::: Dataset excerpts :::
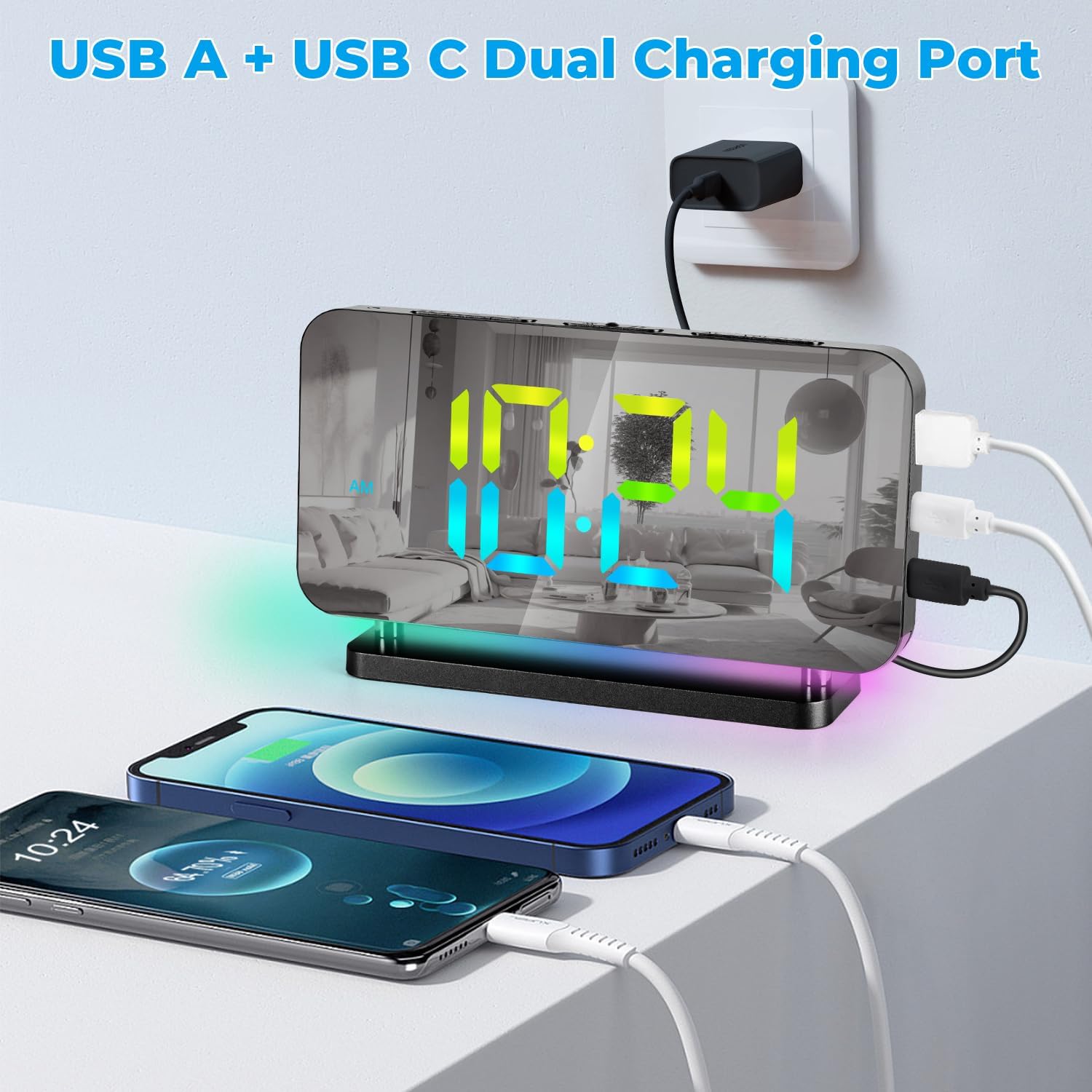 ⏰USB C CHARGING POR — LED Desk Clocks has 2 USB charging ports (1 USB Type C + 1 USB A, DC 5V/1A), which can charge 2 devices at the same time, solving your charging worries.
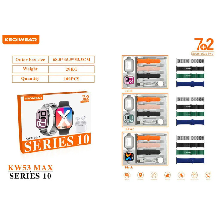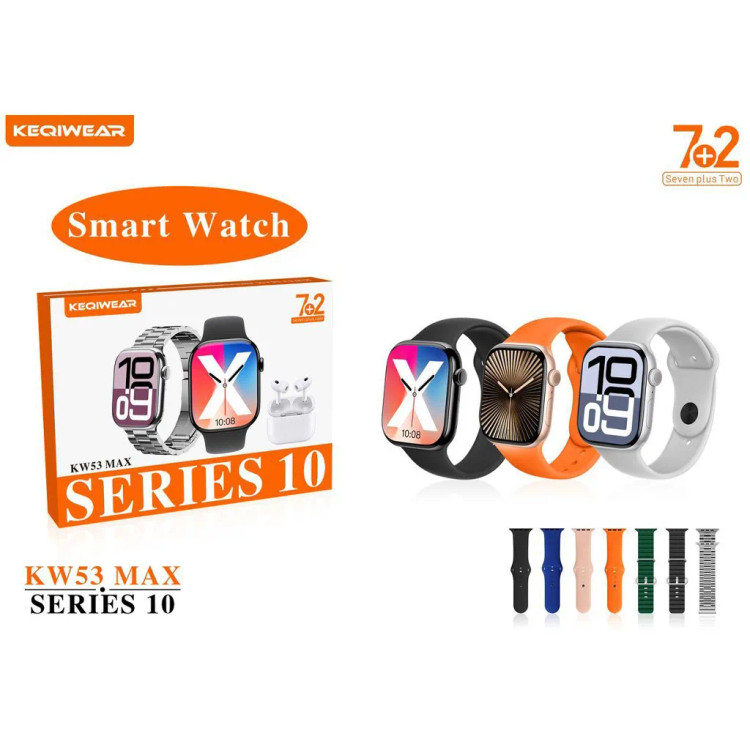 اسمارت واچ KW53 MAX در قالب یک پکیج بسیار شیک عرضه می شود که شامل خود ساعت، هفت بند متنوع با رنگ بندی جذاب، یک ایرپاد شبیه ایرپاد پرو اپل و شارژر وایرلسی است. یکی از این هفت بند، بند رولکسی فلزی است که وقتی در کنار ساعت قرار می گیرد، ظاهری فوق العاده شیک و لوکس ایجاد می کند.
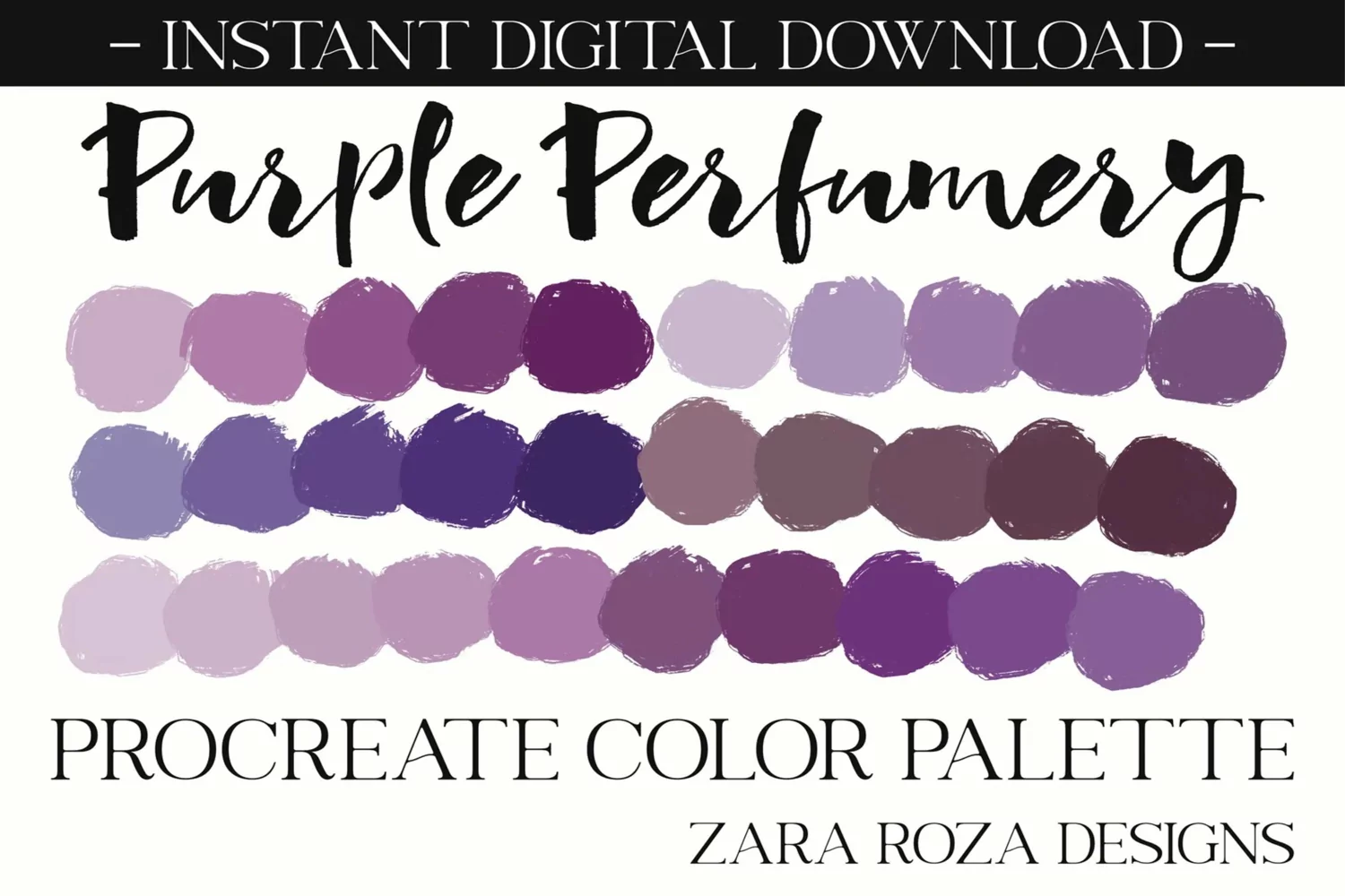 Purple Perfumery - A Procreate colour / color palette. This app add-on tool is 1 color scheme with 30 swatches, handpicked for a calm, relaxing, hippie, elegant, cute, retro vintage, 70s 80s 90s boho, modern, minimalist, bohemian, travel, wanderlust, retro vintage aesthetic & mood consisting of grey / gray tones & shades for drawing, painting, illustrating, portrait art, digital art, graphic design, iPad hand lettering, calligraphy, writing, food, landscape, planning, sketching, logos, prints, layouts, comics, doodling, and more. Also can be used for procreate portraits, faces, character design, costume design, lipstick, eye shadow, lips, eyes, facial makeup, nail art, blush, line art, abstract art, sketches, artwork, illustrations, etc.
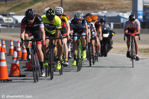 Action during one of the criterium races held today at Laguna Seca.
:::
::: Dataset excerpts :::
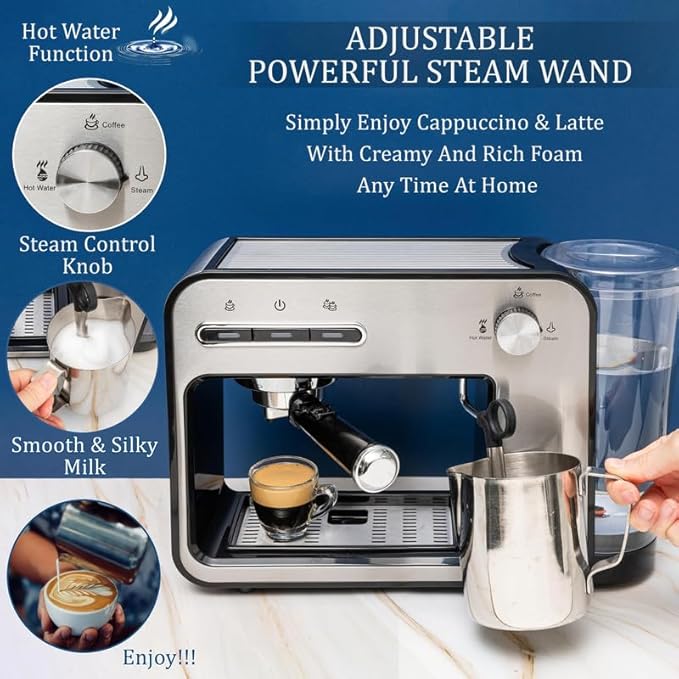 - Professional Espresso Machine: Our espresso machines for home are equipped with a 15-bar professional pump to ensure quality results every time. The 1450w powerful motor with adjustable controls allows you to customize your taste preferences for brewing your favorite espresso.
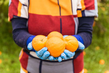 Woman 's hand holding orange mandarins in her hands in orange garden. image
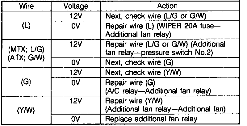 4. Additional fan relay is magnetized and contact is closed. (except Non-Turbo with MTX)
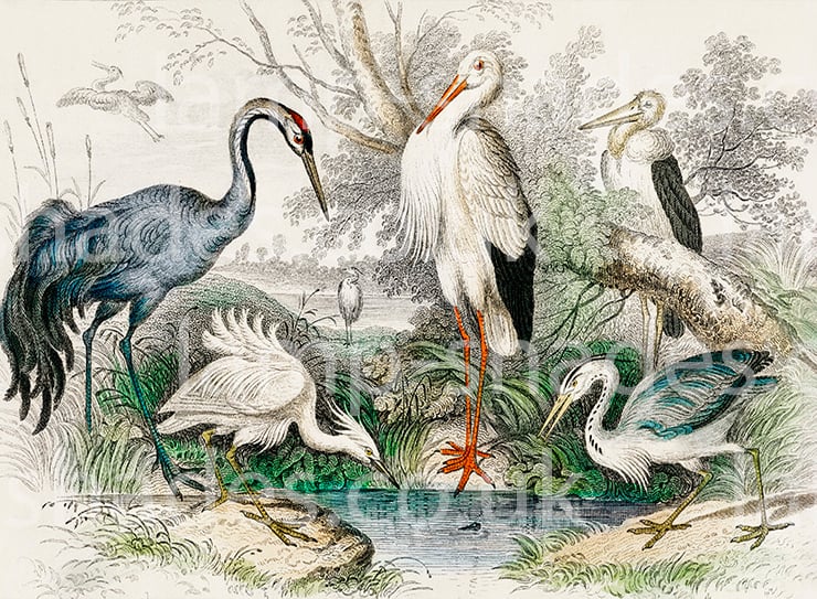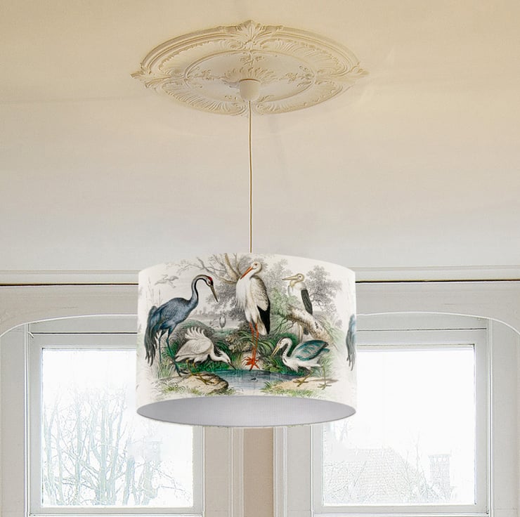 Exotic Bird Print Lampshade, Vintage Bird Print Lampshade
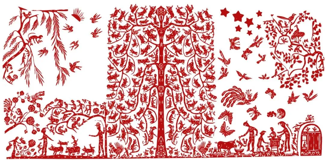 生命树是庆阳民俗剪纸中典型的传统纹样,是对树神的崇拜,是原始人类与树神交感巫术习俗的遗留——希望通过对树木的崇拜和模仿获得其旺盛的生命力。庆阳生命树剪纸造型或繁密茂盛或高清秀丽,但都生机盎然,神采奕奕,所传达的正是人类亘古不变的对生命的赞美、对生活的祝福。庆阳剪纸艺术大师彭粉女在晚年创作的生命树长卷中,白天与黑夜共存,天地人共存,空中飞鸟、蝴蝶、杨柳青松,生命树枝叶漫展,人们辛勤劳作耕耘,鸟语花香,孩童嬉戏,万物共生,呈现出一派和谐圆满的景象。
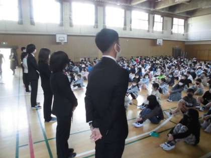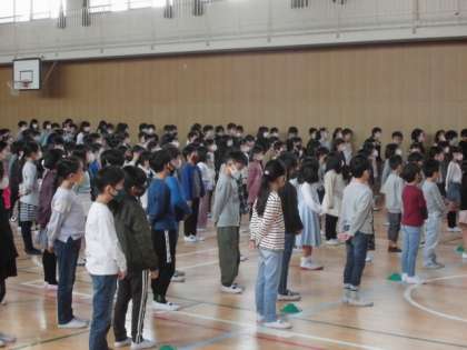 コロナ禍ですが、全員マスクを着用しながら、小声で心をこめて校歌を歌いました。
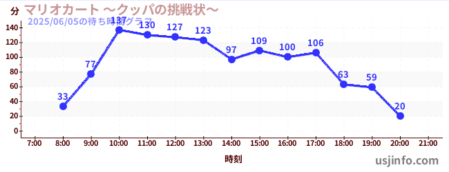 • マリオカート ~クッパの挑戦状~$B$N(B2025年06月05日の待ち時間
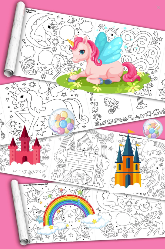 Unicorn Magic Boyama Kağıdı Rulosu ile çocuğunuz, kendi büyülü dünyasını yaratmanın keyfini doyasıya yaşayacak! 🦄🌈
:::
::: Dataset excerpts :::
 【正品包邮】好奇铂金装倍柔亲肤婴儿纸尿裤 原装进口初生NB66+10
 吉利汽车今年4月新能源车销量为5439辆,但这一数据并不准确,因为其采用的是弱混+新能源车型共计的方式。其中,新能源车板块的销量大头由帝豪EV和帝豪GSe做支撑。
:::
■ Task to carry out ■
Since the pictures are not part of the copy, please transcribe only the lines above from the one with "your charging worries." through the one with "اسمارت واچ KW53", exactly and with both ends.

■ The completed task ■
 ⏰USB C CHARGING POR — LED Desk Clocks has 2 USB charging ports (1 USB Type C + 1 USB A, DC 5V/1A), which can charge 2 devices at the same time, solving your charging worries.
 اسمارت واچ KW53 MAX در قالب یک پکیج بسیار شیک عرضه می شود که شامل خود ساعت، هفت بند متنوع با رنگ بندی جذاب، یک ایرپاد شبیه ایرپاد پرو اپل و شارژر وایرلسی است. یکی از این هفت بند، بند رولکسی فلزی است که وقتی در کنار ساعت قرار می گیرد، ظاهری فوق العاده شیک و لوکس ایجاد می کند.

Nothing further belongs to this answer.